25 November, 2009

The coolest/saddest thing ever

this morning I was talking to my friend Ralph when I left to get a soda. When I returned to my computer Ralph had gone to bed (he lives in California). Before signing off, he'd written:

so two asperger things
8:54 AM 1. a guy in my program has it and everytime I talk to him I remember that and go "FUCK! I WANT TO HANG OUT WITH AMANDA"
2. DId you hear about the kid who ran away from home and spent a week living on the subway in NYC?


I had not heard! But I have now. The kid is named Francisco Hernandez Jr. and he lives in Brooklyn. He's 13 and was diagnosed with Asperger's three years ago. When he's under pressure, Francisco (in the words of the doctor who diagnosed him) "freezes in confusion because he does not know what to do or say." On October 15, he was yelled at for not completing an assignment, and the school called his mom. When Francisco called his mom to say he was coming home, his mom told him that she wanted to have a serious talk with him. He was so anxious that he got on the subway and continued to ride the subway for 11 days, using his bag as a pillow and using the ten dollars he had on him to buy junk food at subway stations.

His parents feel that the police didn't work hard enough to find Francisco because they are immigrants and didn't "understand how to manage the situation [or] speak English very well." A detective told his mom that Francisco was probably staying with a friend--but he doesn't have any friends. Francisco says he "stopped feeling anything" while he was riding the subway. When asked what he thinks about the fact that no one noticed him or talked to him for eleven days, he said, "Nobody really cares about the world and about people.”

This story is both the saddest and the coolest thing ever. Like many ASD people, I love trains, and living on a subway train is the kind of thing I made up stories about when I was a kid, writing up elaborate plans of how I'd survive. Francisco has accomplished a feat of E. L. Konigsburg proportions. There's also something iconic about the unselfconsciously gloomy statements he made to the New York Times--"nobody really cares about the world and about people"? I'm pretty sure he could become the next Edward Scissorhands or Jeff Mangum.

But while it's nice to imagine Francisco bragging about his adventure to his friends when he's 19 or 20, the time when this will be just an awesome story is a long way away. The time when Francisco will have friends is, probably, a long way away, and I bet it seems so far away that he doesn't believe it exists. He said he was planning on staying on the subway forever; he lost all sense of time. I think people lose their sense of time when they think that things are so bad they'll never change.

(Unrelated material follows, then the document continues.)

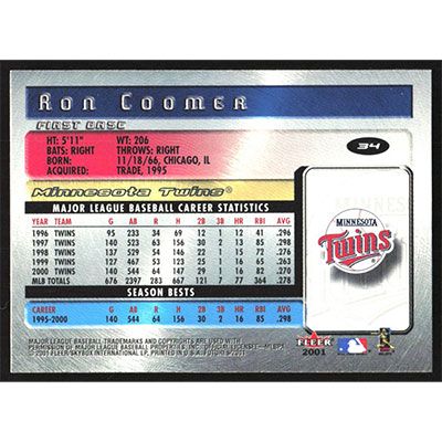This is a 2001 Fleer Futures Ron Coomer baseball card. The card is #34 and pictures show condition.

The words "eighth grade" are the two most painful words in the English language, at least for me. But I still believed in a better future, sort of; not with all my heart, but enough that I didn't try to disappear from life altogether. I held on. It breaks my heart that Francisco didn't believe there was anything to hold on for, that the world was just too scary for him to stay.

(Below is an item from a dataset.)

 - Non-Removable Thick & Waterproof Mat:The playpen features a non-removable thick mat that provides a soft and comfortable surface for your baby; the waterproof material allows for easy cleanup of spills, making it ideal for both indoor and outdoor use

I want to write him a letter. I want this period of his life to be over. I want him to go the school where his doctors want him to go, where he can be with other kids who have disabilities, instead of staying at the school that claims he's doing fine but terrified him into disappearing for two weeks. I just want him to be older, playing video games with his friends and saying, "hey, did I ever tell you about the time I ran away and lived on the subway?"